We're not necessarily trying to 'replicate PPO' but we should consider trying each of these if/when we get a chance and see if it makes a big difference for our environments.

Core implementation details.

Vectorized architecture.
- ✅ We're training with a vector of environments.
- 🤷 A deliberate difference is we don't carry env states between rollout phases, in UED style. This works because we have short episodes and we want to change level layouts frequently.
- 🤔 Worth trying: 37Details explains how increasing the number of parallel envs might not slow down rollouts and therefore might increase training efficiency. I don't see why we couldn't try one episode-timeout per rollout phase. Note that PPO originally used length 128 rollout phase (though see detail (1)).
Orthogonal initialization of weights and constant initialization of biases.
- 🤔 We're just using default flax.linen initialisation which may be different from this.
Adam epsilon parameter.
- 🤔 We're just using the optax default. 37Details has some recommendations, but perhaps these are only relevant for a close replication.
Adam learning rate parameter.
- ❌ We are largely not decaying the learning rate, whereas 37Details says the prior work does and that this can help.
Generalized advantage estimation.
- ✅ We are using GAE.
- 🤔 Are we using value bootstrap? I can't tell.
- ✅ We are using TD lambda returns.
Mini-batch updates.
- ✅ We are shuffling the data rather than subsampling, as they suggest.
- ✅ UPDATE: New default is to use 8 minibatches, works better than previous (1). Note that PPO originally used 4 minibatches.
Normalization of advantages.
- ✅ We are normalising the advantage estimates (at the minibatch level).
Clipped surrogate objective.
- ✅ I haven't checked the details carefully but I assume PureJaxRL got this right. This 'implementation detail' just comments on how it's a good objective...
Value function loss clipping.
- ✅ We did this.
- ❌ 37Details points to work thinking it's actually not necessary and maybe harmful to do so. We could try turning it off.
Overall loss and entropy bonus.
- ✅ We include an entropy term in the overall loss.
- 🤔 One work cited found the entropy term has no effect on performance in a continuous control setting.
Global gradient clipping.
- ✅ We use global grad clipping with max grad norm 0.5 as in the original.
Debug variables.
- ✅ We tracked several debug variables, including policy_loss, value_loss, entropy_loss.
- ✅ UPDATE: We now track additionallyclipfrac (fraction of training data triggering the clipped objective) and approxkl (KL estimator using (-logratio).mean() AND ((ratio - 1) - logratio).mean(), see linked post).
- 🤷 We also track critic clipfrac (though see 9).
Shared vs. separate MLP networks for policy and value functions.
- 🤔 They show for classic control environments an architecture with separate components for the actor and critic makes a big improvement. We don't use MLPs, we use IMPALA, and to do the same change would make our net a LOT bigger, but maybe it's worth trying and seeing if it helps.

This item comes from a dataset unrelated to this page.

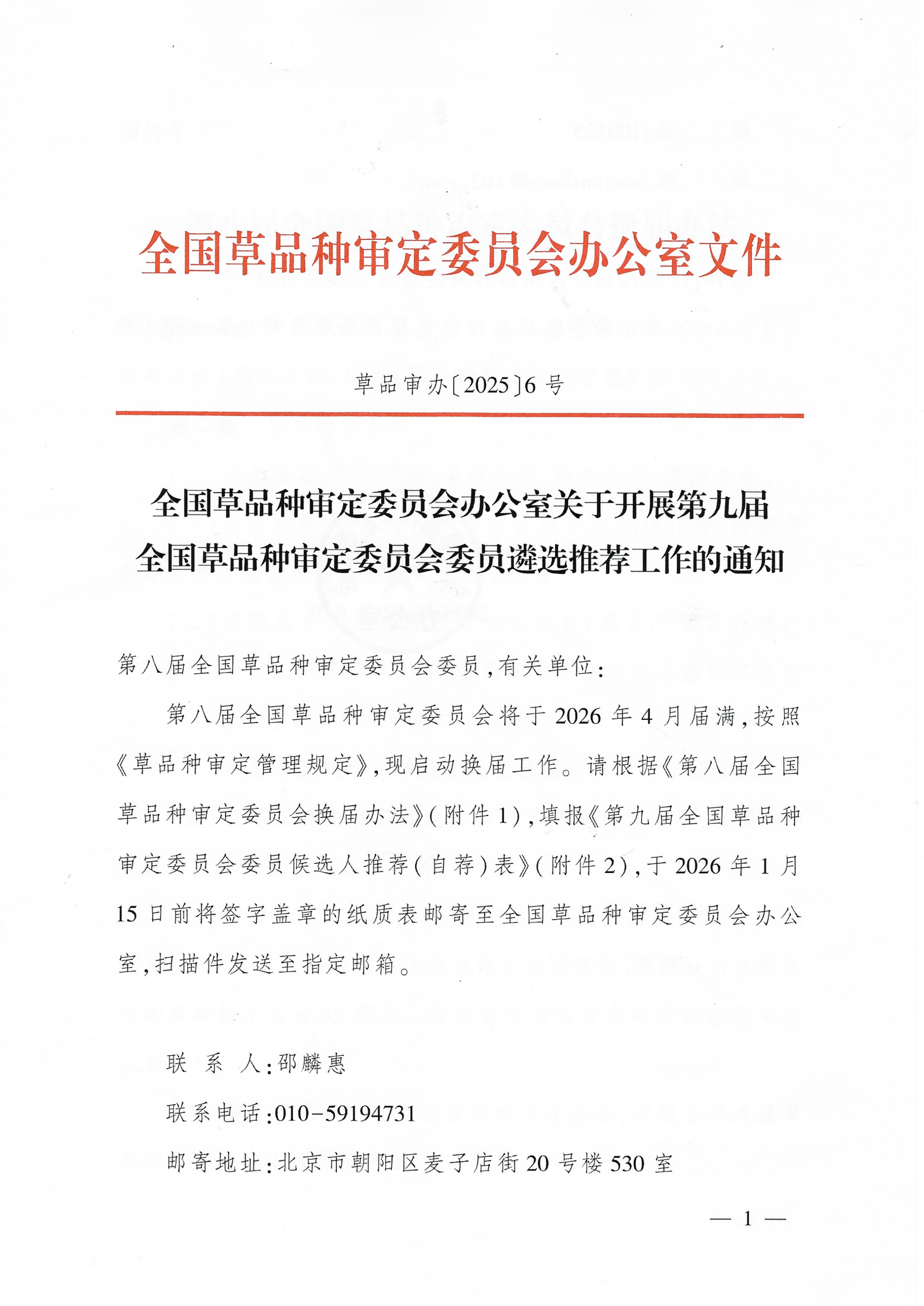 全国草品种审定委员会办公室关于开展第九届全国草品种审定委员会遴选推荐工作的通知

Atari-specific implementation details. Most of these are n/a.

Take a random number of no-ops on reset.
- 🤷 We don't do anything like this, instead we sample completely different levels anyway.
Skip 4 frames (repeating actions, accumulating reward, carefully avoid rendering artefacts). Speeds up the training.
- 🤷 We don't need to do this because the environments are already neatly chunked into logical frames.
- 🤔 If we eventually a platformer with smaller differences between frames we could consider this.
Mark the end of a 'life' as the end of episode.
- 🤷 N/A. We design environments not to have lives.
Automatically take the FIRE action at the start of each episode for environments that don't start until this happens.
- 🤷 N/A. We design environments not to need that kind of thing.
Resize color frames to 84x84 pixel grayscale.
- 🤷 A deliberate difference is that we use either boolean or RGB-colour observations. We offer good control over this.
- 🤔 I guess if/when we train with RGB observations we could try to stick to this rough size and we could consider reducing to greyscale, though I think the RGB doesn't hurt.
Clip rewards to their sign (-1, 0, or +1).
- ✅ We basically do this, indirectly in that we only produce such rewards to begin with.
- 🤔 We also have an option to scale reward down over episode time. I think it's off by default. I think it's worth experimenting to see its effect.
Stack like 4 frames.
- ❌ We don't offer this at the moment. It would be pretty easy to add actually via the base environment, or via each environment (and we could even save params by only stacking the dynamic channels in the Boolean obs setting). Seems worth trying also as a way to test that the LSTM is working.
Again, shared vs. separate NatureCNN architecture.
- 🤷 Again impala.
- 🤔 We could try NatureCNN as an option btw.
Image values should be in the range [0, 1]. Otherwise, KL explodes.
- ✅ Yup, they are 0 or 1 for boolean obs and [0,1] for RGB.

Hyper-parameters from the original PPO paper (for some reason these aren't considered part of the 37 details).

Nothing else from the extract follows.